# [EXERCISE REQUIREMENTS]
Among the lines below, return each one that contains the word "रकरण".

# [SUPPLIED RECORDS]
#####

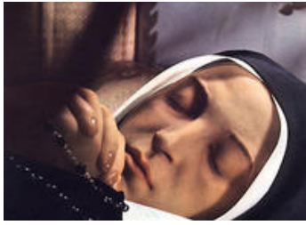
修女圣白娜戴特的面容 历经百年仍栩栩如生

这位叫圣白娜戴特的修女已经死了122年之久，而且已经被埋葬了。她的身体在30年前被发现的，也就是就在教堂的高层干事决定要检查她的身体之后。她的身体至今依然被保存的很好，如果你去法国 Lourdes 的话
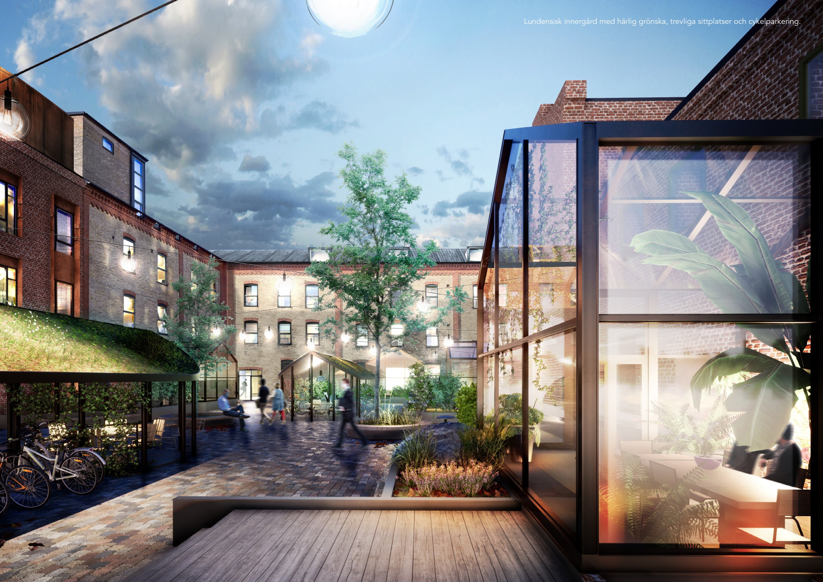
Lundensisk innergård med härlig grönska, trevliga sittplatser och cykelparkering.
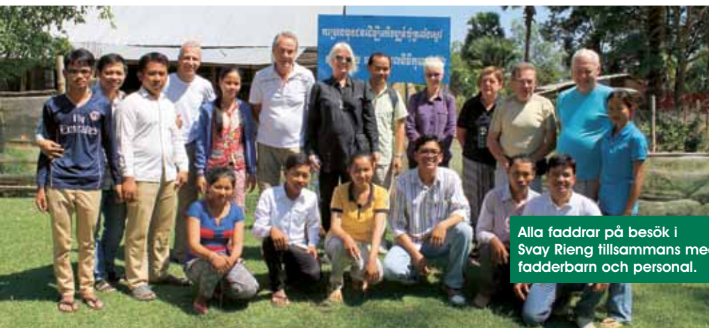
Alla faddrar på besök i Svay Rieng tillsammans med fadderbarn och personal.
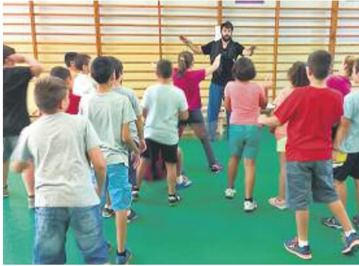
Un dels assajos de l'Òpera a l'escola.

Gràcies als diners recollits en aquesta campanya de micromecenatge, els escolars podran gaudir de l'assessorament de dos artistes professionals externs pro-
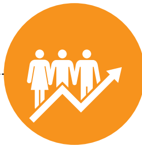
'Kebersamaan' Common Ground
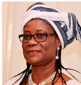
S.E.M. HADIZATOU ROSINE SORI-COULIBALY 2021 –2022 Ministre des Affaires Etrangères de la Coopération de l'Intégration africaine et des Burkinabè de l'Extérieur
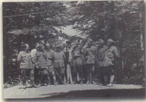
1948. Ηγεσία του Δημοκρατικού Στρατού Ελλάδος (Δ.Σ.Ε). Ν. Ζαχαριάδης, Μ. Βαφειάδης, Μ. Πορφυρογένης, Γ. Γούσιος, Α. Στρίγκος, Κ. Λουλής, Ι. Ιωαννίδης, και άλλα στελέχη.

Είχα μιλήσει μαζί του για τελευταία φορά το Μάρτη του 1962. Τότε το Νησί της Αφροδίτης παιζόταν σε 170 πόλεις της Σοβιετικής Ένωσης, κι εγώ ετοιμαζόμουν να κατέβω στην πατρίδα προσκαλεσμένος απ' το Κρατικό Θέατρο Βορείου Ελλάδος, που ανέβαζε το έργο μου με πρωταγωνίστρια την Κυβέλη. Την πρόσκληση, όπως και το αντίστοιχο συμβόλαιο για τ' ανέβασμα που "πρεπε να υπογράψω, την είχε φέρει ο τότε πρόεδρος του Διοικητικού Συμβουλίου του ΚΘΒΕ Γιώργος Θεοτοκάς (είχε έρθει συμπτωματικά στην ΕΣΣΔ ύστερα από επίσημη πρόσκληση της Ένωσης Σοβιετικών Συγγραφέων μαζί με τους Ελύτη και Εμπειρίκο).
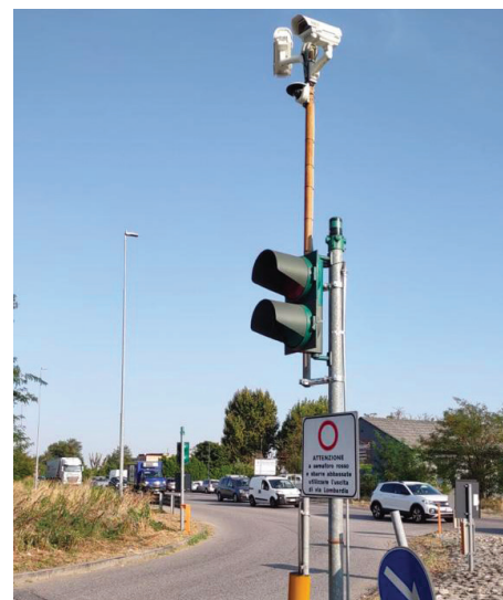
Le telecamere di sicurezza installate in area "Pizzabrasa" (a sinistra) e in via Benessere (a destra)
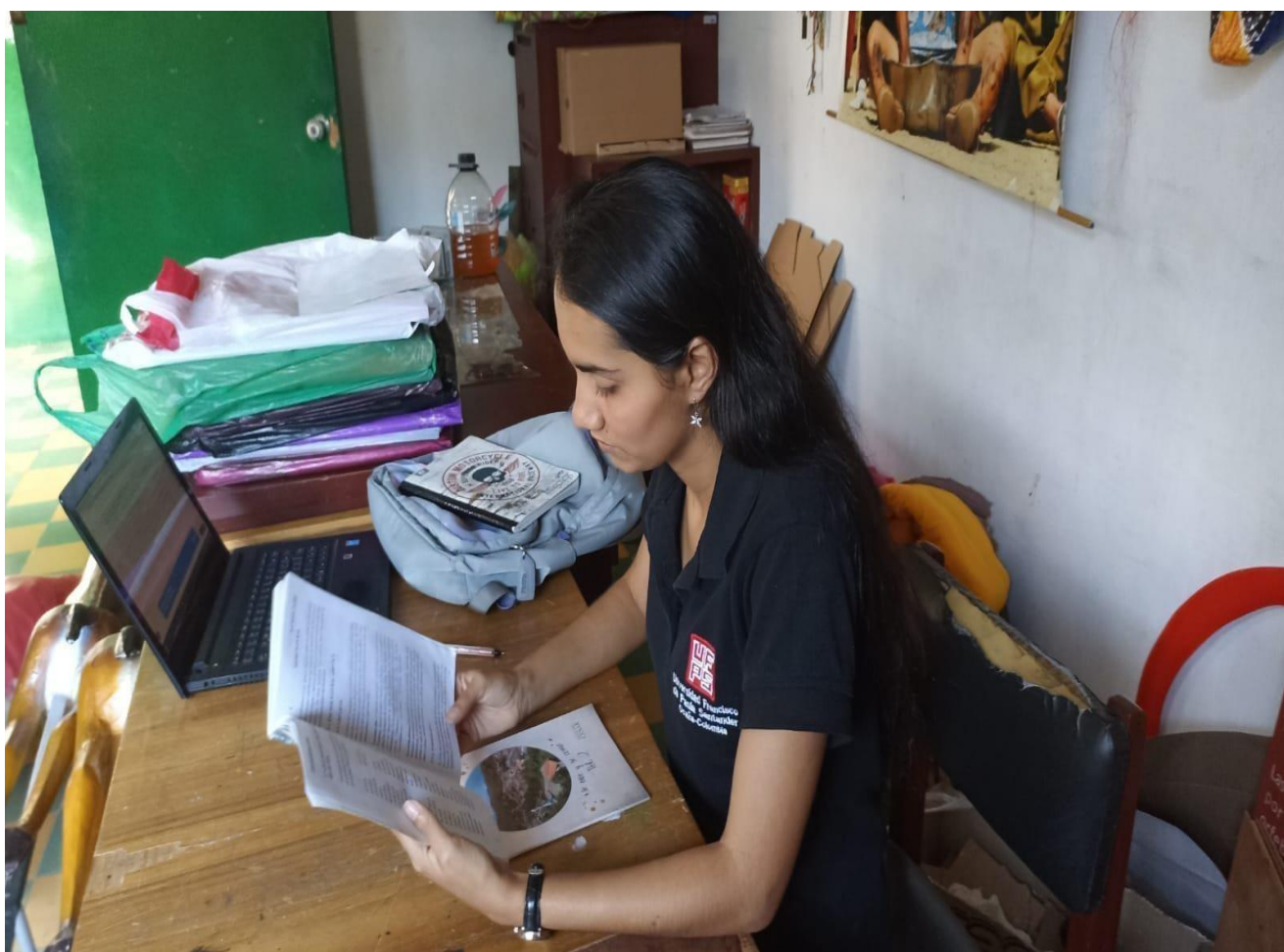
Figura 3. Investigación en libros del CEAC

Después de recopilar la información pertinente se realizó una clasificación del material necesario, para dar cumplimiento a la ejecución de las actividades, la clasificación se realizó en orden cronológico desde los inicios hasta la presente.
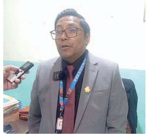
El presidente de la Asamblea Departamental dejará su cargo hasta el viernes

Finalizó mencionando que en esta gestión que le ha correspondido empen-
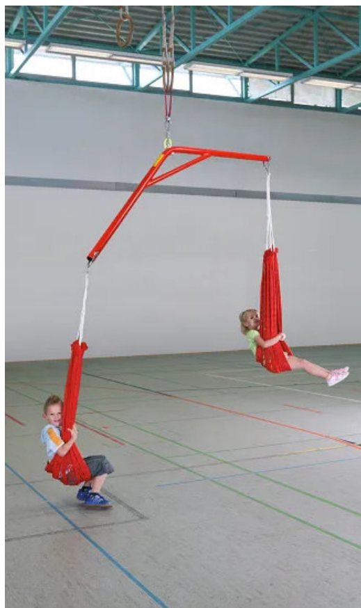
Abbildung 1: Schaukelwippe "Mobil"

Bewahren Sie die Anleitung gut auf. Für Fragen und Wünsche stehen wir Ihnen gerne zur Verfügung.
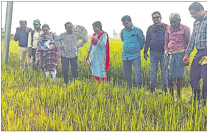
ଧାନ ଜମିରେ ଦେଖାଦେଖିବାରେ ଅନୁଧ୍ୟାନ କରୁଛନ୍ତି।

ବାଲେଶ୍ୱର ଜିଲ୍ଲା କଳେଶ୍ୱରର ବିଭିନ୍ନ ଅଞ୍ଚଳରେ ଚଳିତାବର୍ଷ ଧାନ ଚାଷରେ ଲାଭିଛି । ଏ ସମ୍ପର୍କରେ ଧରିତ୍ରୀରେ ପ୍ରକାଶ ପାଇବା ପରେ ମଙ୍ଗଳବାର ଜିଲ୍ଲା କେଭିକେ (କୃଷି ବିଜ୍ଞାନ କେନ୍ଦ୍ର)ର ଦେଖାଦେଖି କଳେଶ୍ୱର ଅଞ୍ଚଳର ବିଭିନ୍ନ ପଞ୍ଚାୟତ ବୁଲି ପରିଦର୍ଶନ ଅନୁଧ୍ୟାନ କରିଛନ୍ତି। ଅତିଶୀଘ୍ର ନିର୍ଦ୍ଦେଶ କାର୍ଯ୍ୟକ୍ରମ ଓ କେତେକ ପ୍ରଶାଳନା ଚାଷୀମାନେ ଆପଣେଇବାକୁ ସେମାନେ ପରାମର୍ଶ ଦେଇଛନ୍ତି। ଅନ୍ୟପକ୍ଷରେ ସେମାନେ ସରକାରଙ୍କୁ ସଚେତନ କରିବା ପାଇଁ ଚାଷୀଙ୍କ ପ୍ରଶ୍ନର ଉତ୍ତରରେ କହିଛନ୍ତି । ଚଳିତବର୍ଷ କଳେଶ୍ୱରରେ ୨୧ହକାର ହେକ୍ଟର ଜମିରେ ଧାନ ଚାଷ ହେବ ବୋଲି ଆକଳନ କରାଯାଇଥିଲା। କିନ୍ତୁ ପ୍ରତିକୂଳ ପାଗ ଯୋଗୁ ୧୧୫୦୦ହେକ୍ଟର ଜମିରେ ଚାଷ ଆରମ୍ଭ ହୋଇଥିଲା। ଏବେ ବାଲୁମଣ୍ଡଳରେ ଚାଷମାତ୍ର ଆଶାତୀତ ଭାବେ କମି ନ ଥିବାରୁ ତଥା ଅଧିକ
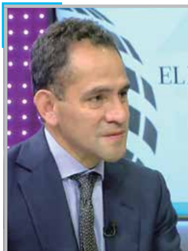
EL FINANCIERO BLOOMBERG

PRESUPUESTO. Descarta Herrera que se vaya a pecar de optimismo
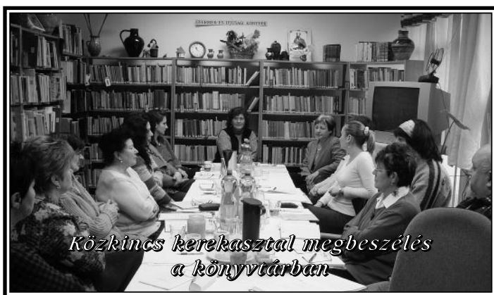
Közkincs kerekasztal megbeszélés a könyvtárban
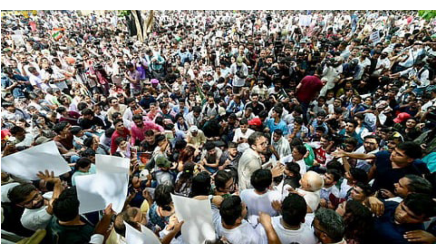
आला असल्याचे काही राजकीय जाणकारांचे मत आहे. नीट पेपरफुटी प्रकरण आणि वाढत्या बेरोजगारीच्या मुद्द्यावरून देशातील तरुणांमध्ये तीव्र संताप निर्माण झाला आहे. या पार्श्वभूमीवर युवकांच्या रोषाला सोबत घेत 'काँग्रेस' जनता पार्टीने दिल्लीत केंद्र सरकारविरोधात मोठे आणि आक्रमक आंदोलन छेडले. या

पुणे/बीड : देशात नीट पेपरफुटी प्रकरण आणि वाढती बेरोजगारी या गंभीर मुद्द्यांवर काँग्रेसने आक्रमकपणे आवाज उठवणे अपेक्षित असताना, काल्पनिक वाटणारी पण प्रत्यक्षात रस्त्यावर उतरलेली 'काँग्रेस' जनता पार्टी पुढे आल्याने देशाचे लक्ष या आंदोलनाकडे केंद्रित झाले आहे. या आंदोलनामुळे उद्या केंद्रीय शिक्षणमंत्री धर्मंद प्रधान यांचा राजीनामा झाला, तरी त्याचे श्रेय काँग्रेसला नव्हे तर 'काँग्रेस' जनता पार्टीला जाईल, अशी चर्चा राजकीय वर्तुळात रंगू लागली आहे. काँग्रेसला श्रेय मिळू नये यासाठीच सत्ताधाऱ्यांकडून हा 'काँग्रेस' प्रयोग' राबविण्यात
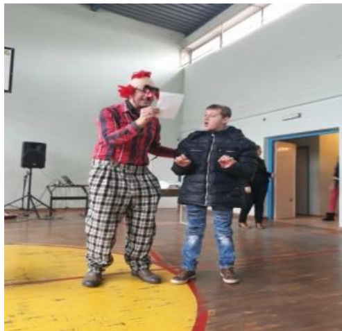
Slika 5. Animacija učenika s teškoćama u razvoju

KLOVN: Pozdrav drugari moji, hvala vam što ste prihvatili mog drugara vuka kao svog drugara.

#####

# [RESPONSE FOR THIS EXERCISE]
आला असल्याचे काही राजकीय जाणकारांचे मत आहे. नीट पेपरफुटी प्रकरण आणि वाढत्या बेरोजगारीच्या मुद्द्यावरून देशातील तरुणांमध्ये तीव्र संताप निर्माण झाला आहे. या पार्श्वभूमीवर युवकांच्या रोषाला सोबत घेत 'काँग्रेस' जनता पार्टीने दिल्लीत केंद्र सरकारविरोधात मोठे आणि आक्रमक आंदोलन छेडले. या
पुणे/बीड : देशात नीट पेपरफुटी प्रकरण आणि वाढती बेरोजगारी या गंभीर मुद्द्यांवर काँग्रेसने आक्रमकपणे आवाज उठवणे अपेक्षित असताना, काल्पनिक वाटणारी पण प्रत्यक्षात रस्त्यावर उतरलेली 'काँग्रेस' जनता पार्टी पुढे आल्याने देशाचे लक्ष या आंदोलनाकडे केंद्रित झाले आहे. या आंदोलनामुळे उद्या केंद्रीय शिक्षणमंत्री धर्मंद प्रधान यांचा राजीनामा झाला, तरी त्याचे श्रेय काँग्रेसला नव्हे तर 'काँग्रेस' जनता पार्टीला जाईल, अशी चर्चा राजकीय वर्तुळात रंगू लागली आहे. काँग्रेसला श्रेय मिळू नये यासाठीच सत्ताधाऱ्यांकडून हा 'काँग्रेस' प्रयोग' राबविण्यात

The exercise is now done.